Hope is hard to muster without some sort of independent wealth

WalkingbyFaith
Veteran Member


Date Joined Aug 2017
Total Posts : 1682
   Posted 3/7/2018 10:02 AM (GMT -6)   
Suggestion for the hair washing dilemma at the salon:

If you are only getting a cut and not color or a perm, wash your hair at home and have the stylist spray it with water to wet it before cutting. It's cheaper too.

tonyaraven
Regular Member


Date Joined May 2017
Total Posts : 398
   Posted 3/7/2018 10:46 AM (GMT -6)   
Yes! I will never, ever put my head back in that wash bowl again!

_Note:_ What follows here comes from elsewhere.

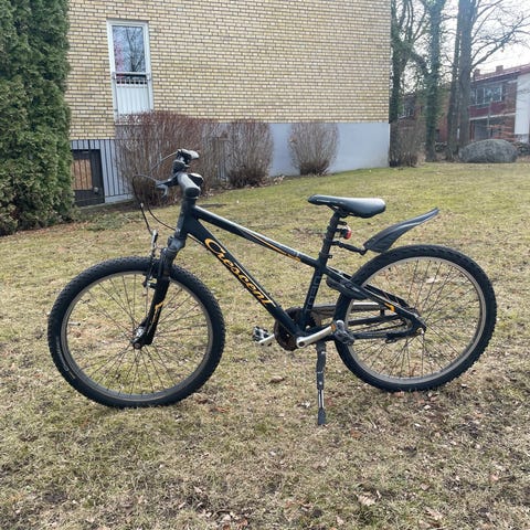 Egentligen sparsamt använd och jättefint skick, men den har ett utnött och punkterat bakdäck, så den kräver lite service, men efter det i princip nyskick.

Girlie- I've heard Atlas adjustments help a lot of people, but it went horribly wrong for me! One hour after the adjustment I was shaking maddly, super dizzy and nauseous and then a couple days later the pain set in constant in my head and head for 3 months!! I had a massage and she retriggered it, and more intense acupuncture and cupping retriggered it! I'm am so scared that this might have also retriggered it! I haven't had severe neck pain, dizziness, super blurry vision in my right eye and headaches like this in a long time! I'm so very confused what is simply structural (I have a couple bulging discs in my neck) and what is Lyme/co! My llmd thinks that Bartonella keeps popping up and wants to start me on Bactrim or Rifampin, but what scares me is if I start a new antibiotic and herx on top of whatever this whole neurological problem is I don't know if I am strong enough!! But then there is a little part of me that wonders is it the Lyme/co that is doing the attacking of my nervous system and I need to do something about it! I'm trying so hard every time I start to break down crying to pull myself together and say this too shall pass, but I'm really struggling! I wish I really knew the right course of action! So badly wish there was someone who could know exactly what is going on and direct me in the right way. I do trust my llmd but there is only so much they really can do.

Borrelioburgdorferii- so sorry you too are struggling! I so wish there was some magic wand out there that we could swing and we'd all recover! This disease is not for the weak or poor and I feel like I'm becoming weaker and poorer every day with the amount of money we have spent! We have 3 kids and I have to try not to cry when I think of the amount of money we've spent on my health, it would be one thing if I was all better after the thousands and thousands of dollars we've spent, but I'm not and right now I feel worse then ever and so scared! I know the fear is just feeding away at my nerves, the bugs are probably having a massive party!! But I seriously don't know how to be strong enough not to be so, so scared!

If anyone has any suggestions on whether I should restart my antibiotics and malarone and add Bartonella treatment on top I'd love to get your input, again it's so hard to know what to do!! My whole nervous system is beyond messed up right now! Thanks everyone!